Staff. QC Chemistry

Job Description

1.1. Job Title: Staff. QC Chemistry

1.2. Job Summary

Responsible for routine/non-routine QC Chemistry Laboratory analysis of finished products, process validation, Investigation, NC/CAPA. The candidate must demonstrate experience working in a cGMP laboratory and possess basic knowledge of industry regulations related to pharmaceutical and medical device manufacturing.

1.3. Essential Duties

Check, receive and register of samples, sorting samples to the test areas.

Prepare testing samples, solutions, standards and reagents to support testing.

Perform chemical analysis with compliance to the procedures and standards, with timely delivery as per sample priority or due date, without compromising the quality and accuracy.

Able to perform other testing upon completion training of test methods and Verification of Effectiveness (VOE) of QC Microbiology and QC Function Team.

Have analytical skills in the maintenance, operation and interpretation of the results obtained from analytical instruments such as the FTIR, HPLC, IR, UV, GC-MS, etc.

Support for the execution of method validations, qualifications, and transfers.

Perform routine maintenance activities in the laboratory and participates in the qualification and periodic calibration of equipment.

Able to perform review of all worksheets and logbooks.

Perform training for entry level staff and peer-to-peer training.

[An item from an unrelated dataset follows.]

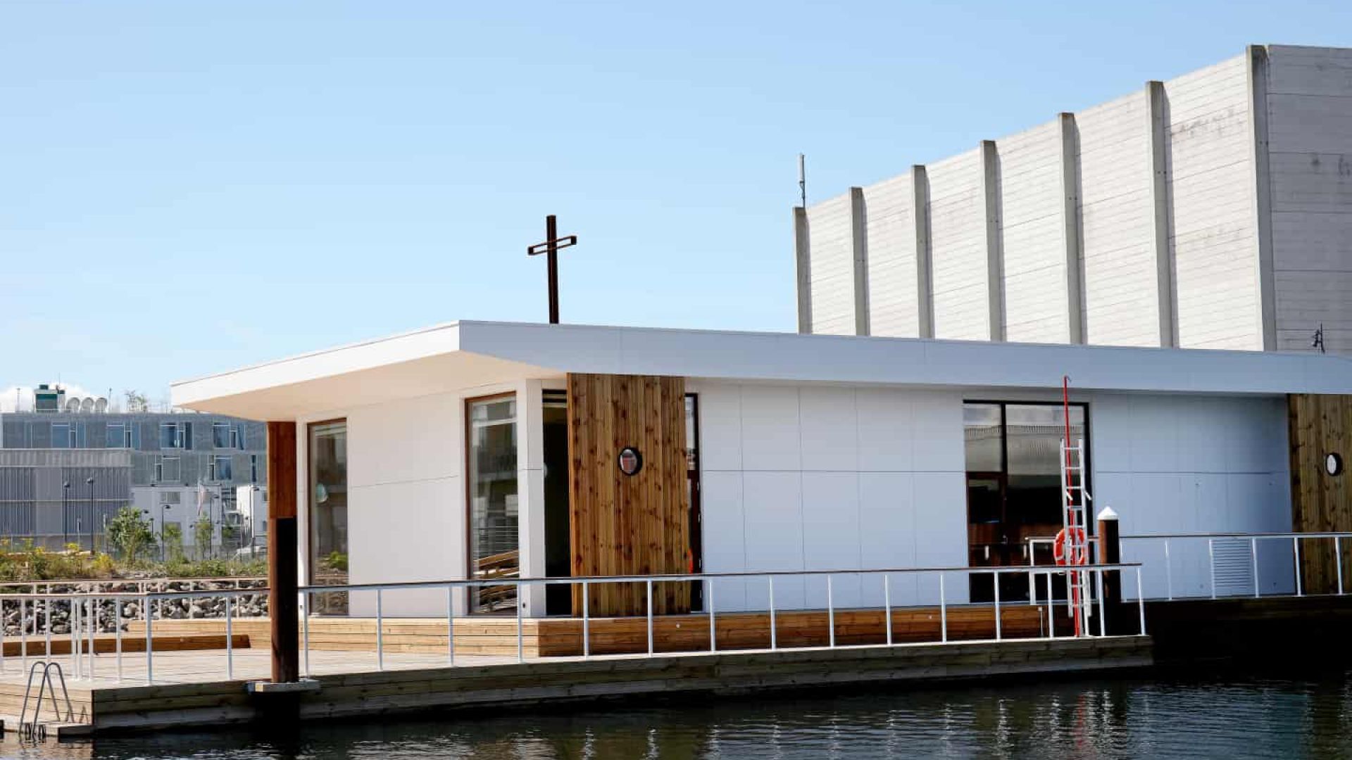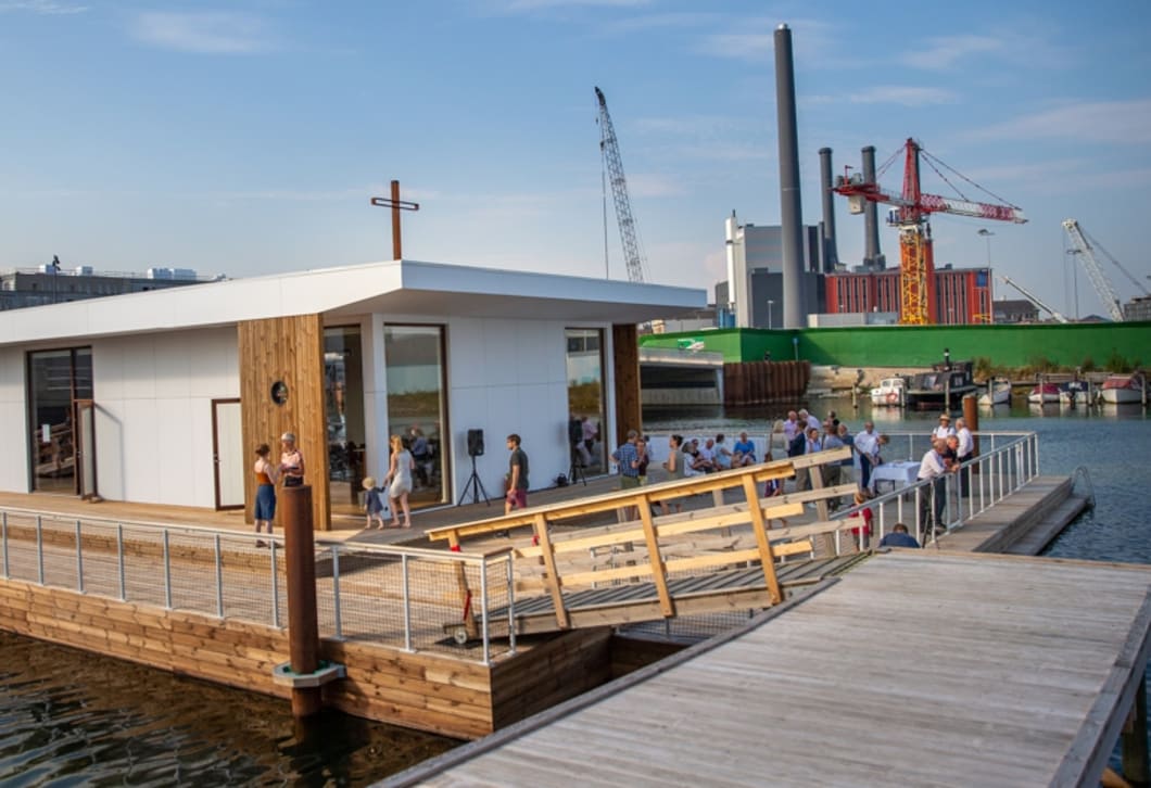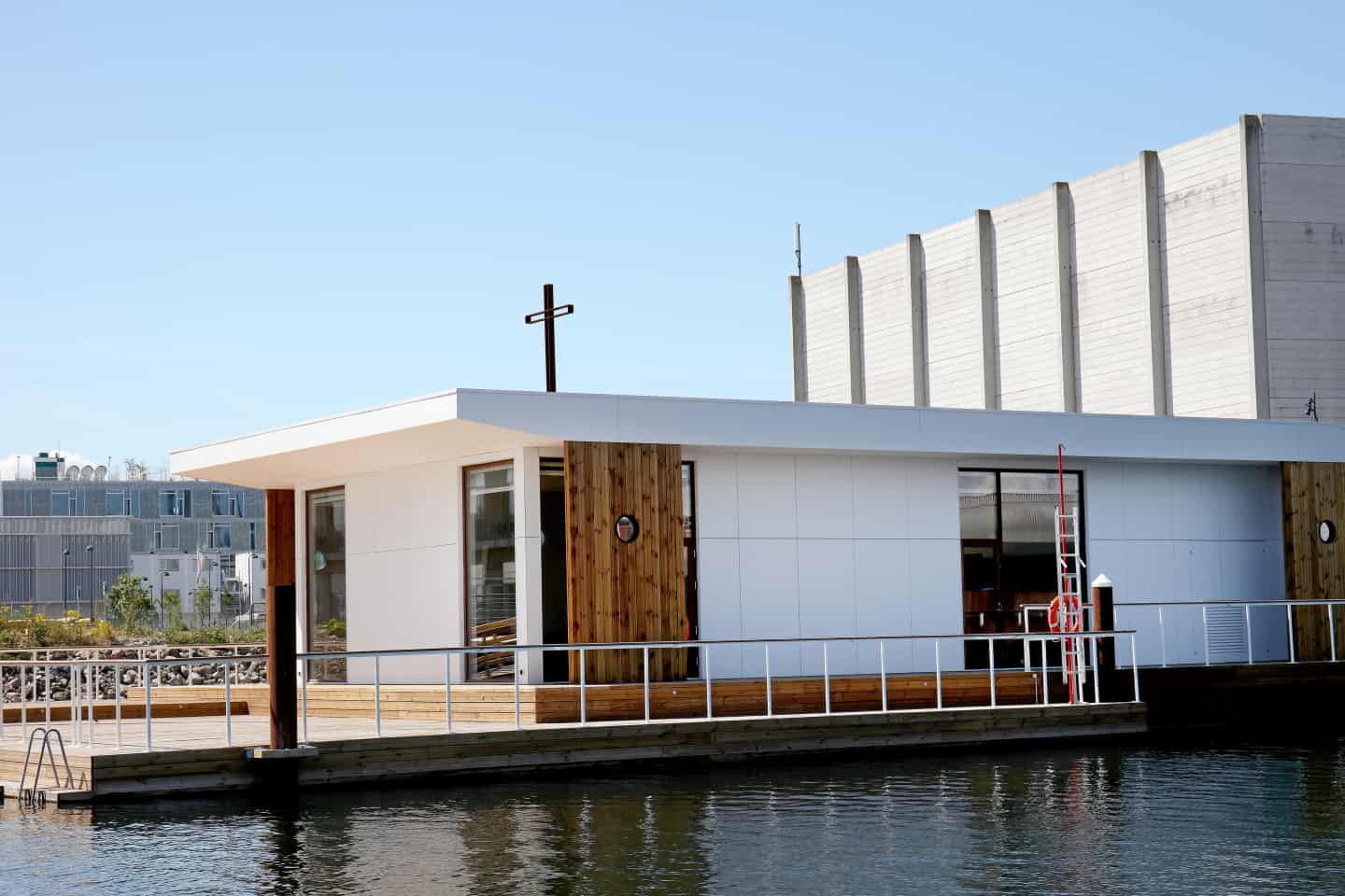 Kirkeskibet 2450 er en moderne kirke indrettet i en husbåd ved vandet. Kirkerummet er lyst og enkelt med store vinduer og en rolig atmosfære, der skaber en intim og nær ramme om ceremonien.

Identify and troubleshoot problems with instrumentation and analytical preparations.

Support and Perform Lab OOS/NC/CAPA Investigations in his/ her area.

Conduct supporting duties such as sample preparation, wash and dry apparatus and vials, and reject and discard samples.

Record any verifications, maintenance and calibration or repair works in the respective equipment logbook.

Practice 5S and conduct self-audit as per sectional audit checklist.

Maintain filing records as per record management retention schedule by filing the worksheets, shredding expired records to ensure that there are no expired records maintained.

Must be detail oriented, able to clearly record laboratory testing data and is a creative problem solver.

Follow Good Manufacturing Practices (cGMP) as well as all safety regulations and company procedures.

Adhere to all safety regulations and practices conforming to EHS regulations.

Support with Internal/External Audit such as FDA, ISO, etc.

1.4. Minimum Qualification Requirements

1.4.1. Education

Minimum College/University Degree (with basic background in science)

1.4.2. Experience

Minimum 0-1 years of experience in Laboratory operation and management.

1.4.3. Skills

Computer literate and effective communication skills (verbal, written, and listening).

Self-motivated and proactive; committed to improving lab performance, workflow, and quality.

Team player.

Able to perform the job independently.

Good planning, coordinating, managing, and time-management skills.

Able to engage with cross-functional teams and external stakeholders.

-Or-

An equivalent competency level acquired through a variation of these qualifications may be considered.

1.5. Physical Requirements

General Labor Environment requirements include use of personal protective equipment, reading, speaking, hearing, walking, bending, standing, stretching/reaching, hand/finger dexterity, and occasional lifting up to 25 kgs

The physical demands described here are representative of those that must be met by an associate to successfully perform the essential duties of this job. Reasonable accommodations may be made to enable individuals with disabilities to perform the essential duties

1.6. Additional Requirements

Any non-essential functions to the position and expectations such as occasional requirement to work outside normal work hours and/or travel.